◆ What to work on
From the listing below, restate word for word the lines from the line containing "(2) Підходить для" down through the line containing "historisk, utomhus, samarbete". Exclude pictures.

+++

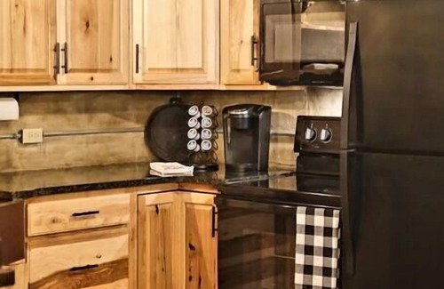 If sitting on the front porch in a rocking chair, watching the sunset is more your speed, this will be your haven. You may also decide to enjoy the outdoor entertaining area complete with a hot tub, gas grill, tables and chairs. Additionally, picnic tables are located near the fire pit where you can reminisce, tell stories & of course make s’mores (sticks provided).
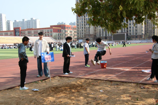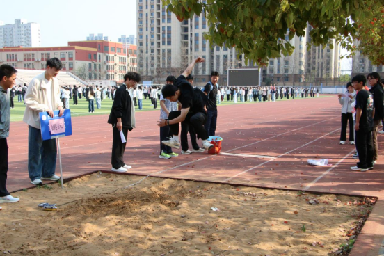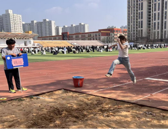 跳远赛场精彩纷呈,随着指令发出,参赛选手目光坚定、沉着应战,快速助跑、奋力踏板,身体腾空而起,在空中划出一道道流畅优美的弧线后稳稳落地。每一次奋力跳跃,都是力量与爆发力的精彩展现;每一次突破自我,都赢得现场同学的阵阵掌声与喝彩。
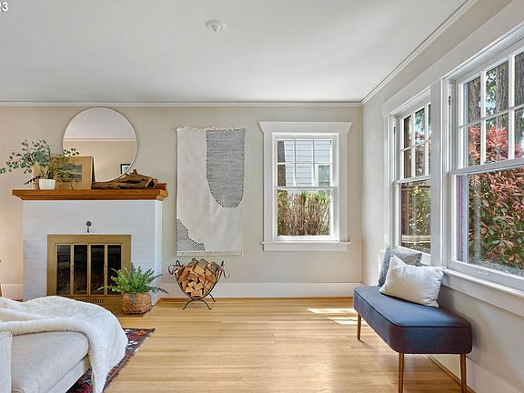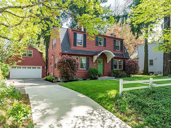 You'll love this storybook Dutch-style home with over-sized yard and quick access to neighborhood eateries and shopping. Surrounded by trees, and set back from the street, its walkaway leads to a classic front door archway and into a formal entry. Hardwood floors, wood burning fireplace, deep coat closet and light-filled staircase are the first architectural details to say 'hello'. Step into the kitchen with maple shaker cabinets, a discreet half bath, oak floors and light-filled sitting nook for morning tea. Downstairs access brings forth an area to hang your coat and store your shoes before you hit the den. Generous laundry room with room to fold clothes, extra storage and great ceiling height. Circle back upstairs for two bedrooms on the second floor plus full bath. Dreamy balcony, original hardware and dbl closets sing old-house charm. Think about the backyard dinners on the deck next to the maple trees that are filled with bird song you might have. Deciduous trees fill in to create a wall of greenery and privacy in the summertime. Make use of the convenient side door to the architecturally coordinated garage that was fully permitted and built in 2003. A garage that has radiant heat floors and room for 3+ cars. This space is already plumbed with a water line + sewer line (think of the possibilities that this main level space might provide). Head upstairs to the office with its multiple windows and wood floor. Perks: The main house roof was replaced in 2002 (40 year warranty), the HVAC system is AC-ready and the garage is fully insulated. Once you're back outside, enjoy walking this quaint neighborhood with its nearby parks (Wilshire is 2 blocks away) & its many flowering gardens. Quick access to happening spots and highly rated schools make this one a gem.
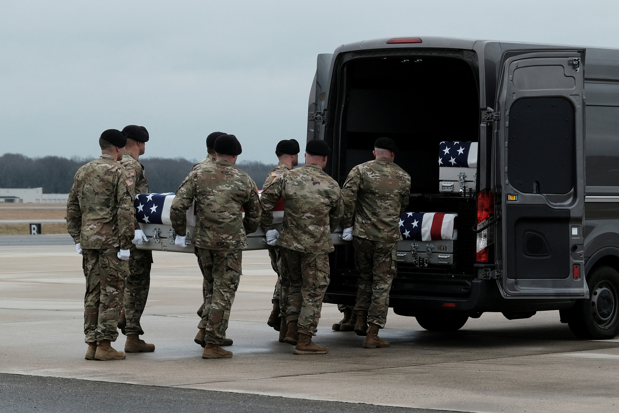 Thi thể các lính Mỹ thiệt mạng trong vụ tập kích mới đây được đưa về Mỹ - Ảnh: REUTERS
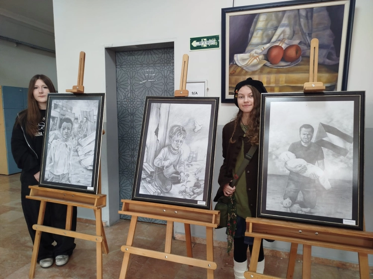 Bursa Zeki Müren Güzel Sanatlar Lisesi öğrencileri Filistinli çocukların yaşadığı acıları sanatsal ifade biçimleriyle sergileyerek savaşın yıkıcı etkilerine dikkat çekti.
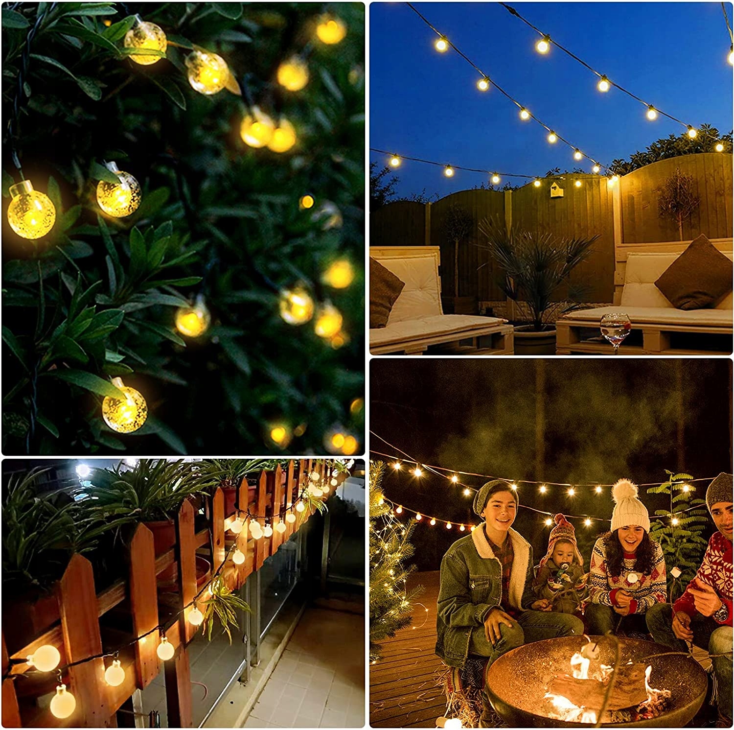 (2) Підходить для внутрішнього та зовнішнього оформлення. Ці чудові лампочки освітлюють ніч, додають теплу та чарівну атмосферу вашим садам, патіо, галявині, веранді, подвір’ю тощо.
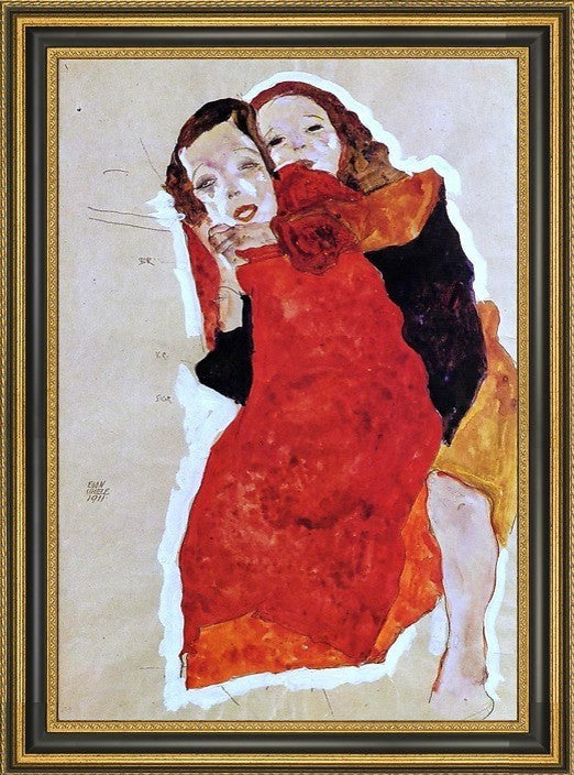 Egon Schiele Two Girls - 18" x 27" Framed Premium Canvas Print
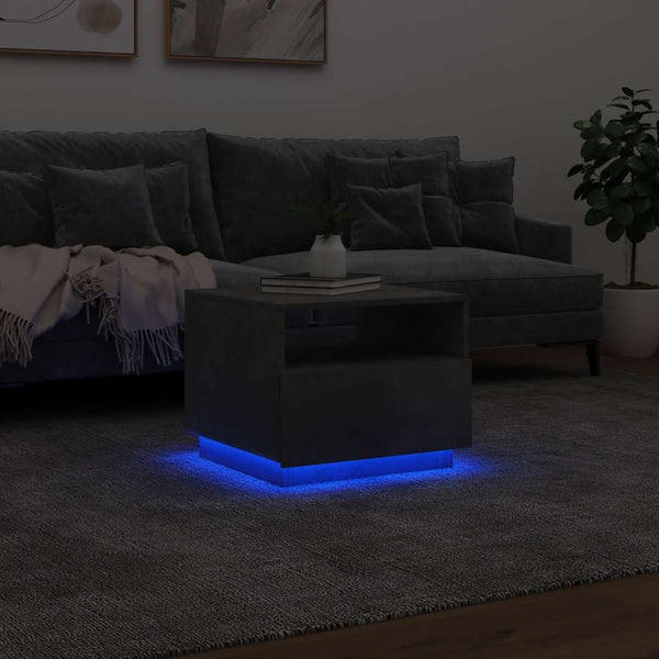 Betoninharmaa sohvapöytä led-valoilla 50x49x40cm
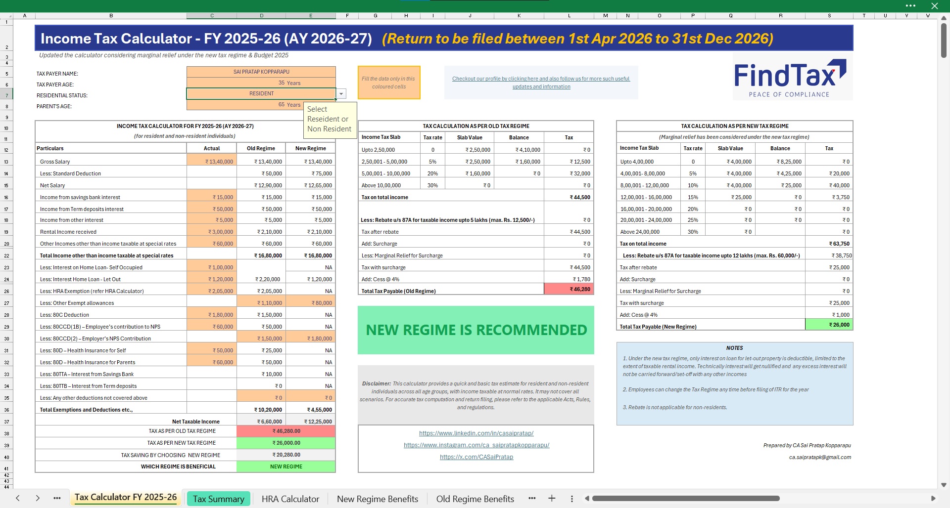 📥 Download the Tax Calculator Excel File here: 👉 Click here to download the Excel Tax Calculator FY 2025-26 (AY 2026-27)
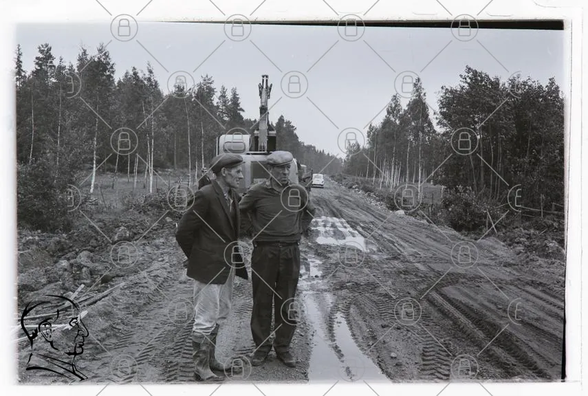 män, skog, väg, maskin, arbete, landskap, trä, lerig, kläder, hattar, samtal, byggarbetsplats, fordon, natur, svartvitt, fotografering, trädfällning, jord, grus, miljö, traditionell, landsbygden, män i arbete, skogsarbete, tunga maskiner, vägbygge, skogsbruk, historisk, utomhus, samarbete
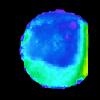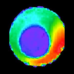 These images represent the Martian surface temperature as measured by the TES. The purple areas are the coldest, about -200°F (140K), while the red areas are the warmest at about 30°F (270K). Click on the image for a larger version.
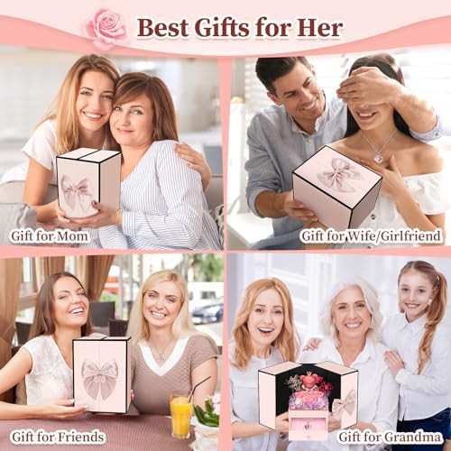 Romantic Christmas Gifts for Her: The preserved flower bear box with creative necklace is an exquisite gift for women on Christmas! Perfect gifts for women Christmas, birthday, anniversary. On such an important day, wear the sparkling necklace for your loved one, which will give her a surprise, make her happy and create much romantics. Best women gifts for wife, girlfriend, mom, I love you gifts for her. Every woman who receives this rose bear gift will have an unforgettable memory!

+++

◆ Your solution
 (2) Підходить для внутрішнього та зовнішнього оформлення. Ці чудові лампочки освітлюють ніч, додають теплу та чарівну атмосферу вашим садам, патіо, галявині, веранді, подвір’ю тощо.
 Egon Schiele Two Girls - 18" x 27" Framed Premium Canvas Print
 Betoninharmaa sohvapöytä led-valoilla 50x49x40cm
 📥 Download the Tax Calculator Excel File here: 👉 Click here to download the Excel Tax Calculator FY 2025-26 (AY 2026-27)
 män, skog, väg, maskin, arbete, landskap, trä, lerig, kläder, hattar, samtal, byggarbetsplats, fordon, natur, svartvitt, fotografering, trädfällning, jord, grus, miljö, traditionell, landsbygden, män i arbete, skogsarbete, tunga maskiner, vägbygge, skogsbruk, historisk, utomhus, samarbete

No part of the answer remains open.